The only reason I'm selling it is because I'm not physically able to use it anymore. (If I had been able, I would have cleaned it up good prior to taking these pictures.)

Please take notice I've, also, added a picture of my "used" DR Field & Brush Mower. It was purchased new in 1995 as well, has the Industrial Plus Briggs & Stratton Engine Model #196427 & has an extra heavy duty brush blade. Anything it can push over, it can chop up. I have used it for 4 acres of waste-high brush 2-3 times a year and it still runs good. It is an older model that is not produced anymore and that is why it has the "make-shift" tires on it made of bicycle tires. This machine just keeps on going. However, as with the TroyBilt Tiller, it is too heavy for me to maneuver over uneven ground. (I'm just no longer physically able to do this.) It too will probably need a batery.

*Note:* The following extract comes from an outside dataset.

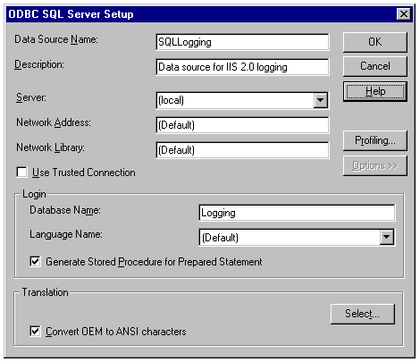 The ODBC data source is one of the most common source of problems with logging databases, as is the Internet Database Connector (IDC) described later in the "Using the Internet Database Connector" section. Problems with ODBC data sources are common to SQL Server and other client/server or desktop databases having 32-bit ODBC drivers. Thus, it's important to understand the details of setting up ODBC data sources for access by IIS 2.0 and server applications that run with IIS 2.0.

Both machines are offerred only for cash and buyer(s) must pick them up. I'm undecided what to sell the DR Field & Brush Mower for; but as soon as I decide, it too will be placed on Craigslist.


----------



## Johnny Dolittle (Nov 25, 2007)

That tiller was about $2000 new and it looks to be not used much. I would not sell for less

I have the same tiller but with a Briggs engine.... Kohler is a better engine

Good luck selling


----------



## Allen W (Aug 2, 2008)

What ever is laying behind the blade doesn't look like the furrow maker but it isn't clear in the picture..


----------



## Ozarks Tom (May 27, 2011)

I bought that same tiller yesterday for $800, without the plow blade. Kohler motor.


----------



## motdaugrnds (Jul 3, 2002)

Wow, seems once again I have shown myself to be a lousy business person. I have had 3 people contact me about coming down to see it. Would I be wrong in changing my asking price? (It is already listed on Craigslist for the $650.) Living only off a near poverty SS is difficult; and the extra money would sure be nice.


----------



## motdaugrnds (Jul 3, 2002)

I did place another ad on Craigslist about this tiller, increasing the sales price to $1,000. (I do realize this is still quite a bit below what another might sell it for; however, it feels ok with me.) My reasoning was, since no one had committed to purchasing this tiller, I had the right to change the price. The ones who did contact me with an interest, I have let them know the price had increased due to the condition of the machine.

Does anyone have a suggestion as to what I should advertise the DR Field & Brush mowere for? It is still a great running machine. I just cannot put the bicycle tires on it the way David did; and he is no longer here to help me. This machine has never needed anything but general maintenance, has two blades (one a heavy duty one which is on it now) and runs beautifully even over wet ground. [I discovered it needed the tires too late to find any for this old a machine; however, those bicycle tires work good and are cheap too.]


----------